BASIS: Balanced Activation Sketching with Invariant Scalars for "Ghost Backpropagation"
Pith reviewed 2026-05-15 15:53 UTC · model grok-4.3
The pith
BASIS sketches activations into rank-R tensors to decouple backpropagation memory from batch and sequence size while keeping exact error signals.
A machine-rendered reading of the paper's core claim, the machinery that carries it, and where it could break.
Core claim
BASIS propagates the exact error signal (dX) to preserve flawless gradient flow, but computes the weight updates (dW) using massively compressed rank-R tensors stabilized by balanced hashing that eliminates off-diagonal collision variance and invariant scalars that deterministically preserve the exact continuous energy norm, reducing activation memory to O(L * RN) and allowing GPT training to reach or exceed exact-backpropagation validation loss at R = 32 while still converging at R = 1.
What carries the argument
Balanced hashing together with invariant scalars applied to rank-R activation sketches that replace the weight-gradient computation while leaving the error-signal path exact.
If this is right
- Activation memory scales linearly with rank R rather than with batch size B and sequence length.

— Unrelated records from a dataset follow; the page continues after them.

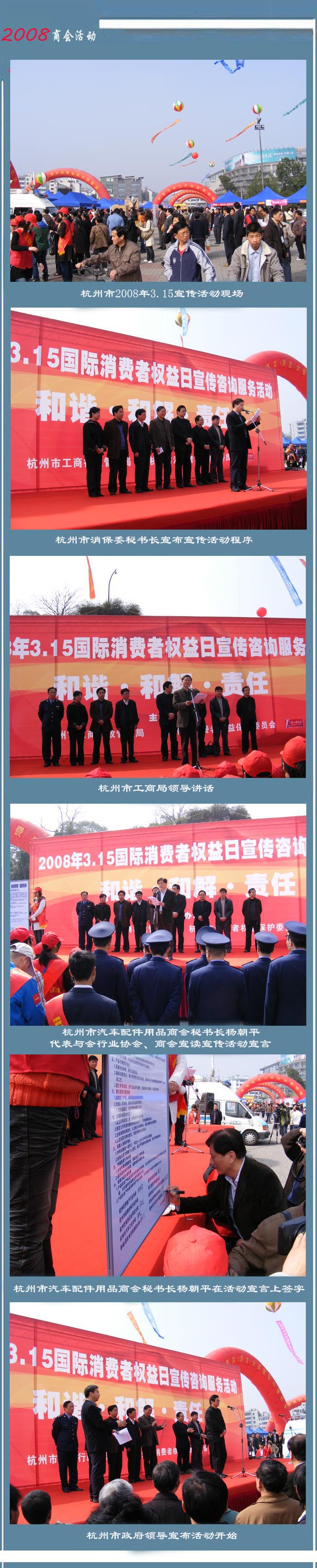 由杭州市工商局、杭州市消費(fèi)者保護(hù)權(quán)益委員會組織的3.15消費(fèi)者宣傳活動,3月14日上午在杭州吳山廣場舉行。杭州市汽車配件用品商會楊朝平秘書長代表到會10家參加活動的行業(yè)協(xié)會、商會,宣讀了3.15宣傳活動宣言。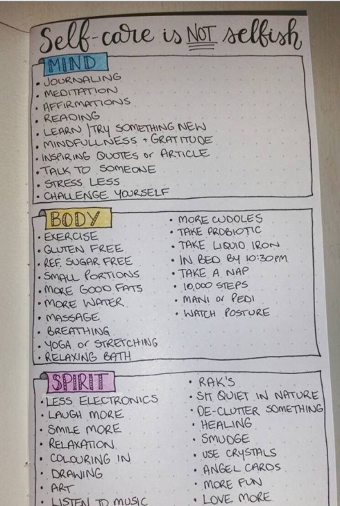 Spirit: These would be activities that are good for your soul. Some examples would be praying, colouring, or loving life more.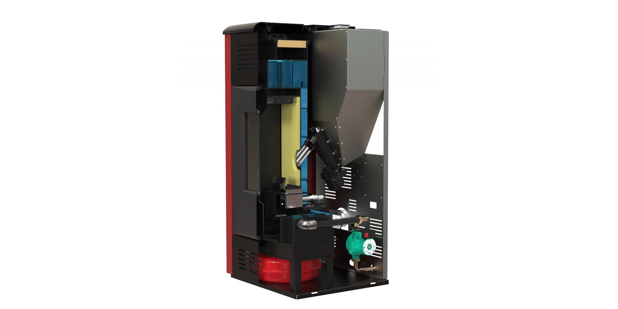 Termoșemineul pe peleți, tip centrală, din oțel, Thermasis Hydra HD, 16 kW are control și aprindere automatizată. Este dotat cu sistem anti incendiu pentru protecția peleților din rezervorul de peleți.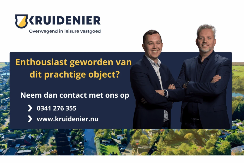 Deze informatie is geheel vrijblijvend, uitsluitend bestemd voor geadresseerde en niet bedoeld als een aanbod. Ten aanzien van de juistheid kan door Kruidenier Recreatie Bedrijfsmakelaardij B.V. geen aansprakelijkheid worden aanvaard, noch kan aan de vermelde informatie enig recht worden ontleend. Alle opgegeven aantallen, maten en oppervlakten zijn indicatief.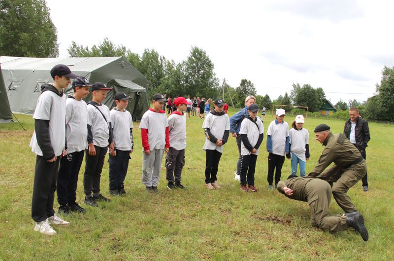 Пока одни ребята рассматривали образцы вооружения, другие участвовали в соревнованиях по мини-футболу, а третьи учились боевым приемам борьбы, самообороны и защиты у спецов из могилевского ОМОНа.
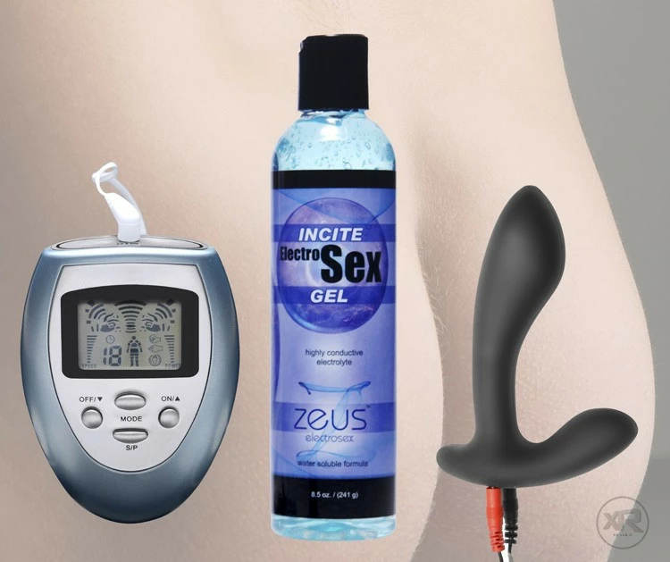 Electrify your Sex Life with this Estim Prostate Kit! Everything you need to stimulate your prostate with electricity is included in this set! Featuring the Zeus Palm Powerbox, you will be able to stick the silicone pads anywhere you want on your body, including your ass cheeks, thighs, or even your package! Control the electrical pulses and gentle currents that run through your body with 6 modes and multiple levels of intensity. Hook in the Bi-Polar Electro Prostate Stimulator to experience the incredible effects of electrosex inside your hole against your most sensitive part! Just use the Incite Electrosex Gel to lube up your prostate massager and slip it inside you, leads attached! The gel will amplify conductivity, ensuring that your taint and asshole get the maximum sensation of the mode you choose!

- The backward-pass matrix-multiplication cost drops proportionally to the compression ratio.
- Training remains stable and converges even when the sketch rank is reduced to 1.
- The magnitude-stabilized trajectory can produce lower validation loss than exact backpropagation, functioning as an implicit regularizer.
- The same compressed backward path can be used across different network depths without reintroducing the original O(L * BN) memory wall.
Where Pith is reading between the lines
- The approach could be tested on transformer variants with context lengths far beyond current hardware limits to check whether the memory decoupling enables new scale regimes.
- If the invariant-scalar construction generalizes, similar norm-preserving sketches might be applied to other first-order optimizers or to forward-pass compression.
- The observed regularization effect at low R suggests a controlled study of whether the method systematically improves generalization on downstream tasks.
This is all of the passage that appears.